LETTER- Closed doors evidence of nothing

"Tale of Woe: The Death of VQR's Kevin Morrissey" is compelling reading. It is also an example of journalistic malpractice.

The writer, Dave McNair, portrays Ted Genoways, the editor of the Virginia Quarterly Review, as a tyrant who abused his position of trust at the University of Virginia and drove one of his subordinates to suicide. The story grudgingly allows that these claims may not be true while struggling to prove the opposite. Yet the evidence produced to support the claims against Genoways is strikingly thin. 

The story amounts to this: The unsubstantiated claims of a distraught sister whose brother, everyone agrees, was troubled long before the events that may or may not have led to his suicide. The opinion-mongering of a self-proclaimed expert on workplace bullying with no connection to the events described in the story. Questionable tales of closed-door meetings. Still more tales from the same sources, this time of raised voices, also behind closed doors (apparently closed doors give people in Charlottesville the willies). And most shocking of all, evidence that Genoways spent more money than his predecessor as editor of VQR. 

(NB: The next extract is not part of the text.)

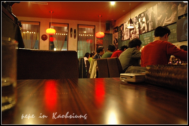 拍著旁邊已訂位的桌子,襯著後方爵士樂海報與人偶,音樂餐廳原來給人如此悠閒、如此期待、如此想樂的感受。

I have to give McNair credit for doing so much with so little, but writing down innuendo and rumor is not the same thing as reporting. Simply put, Ted Genoways has worked miracles with VQR. With limited resources, he has transformed the magazine into one of the most admired publications in the country. He deserves better from the UVA community-and especially from  his colleagues in journalism– than to have his reputation tarnished and his career threatened by hazy anecdotes and untamed speculation.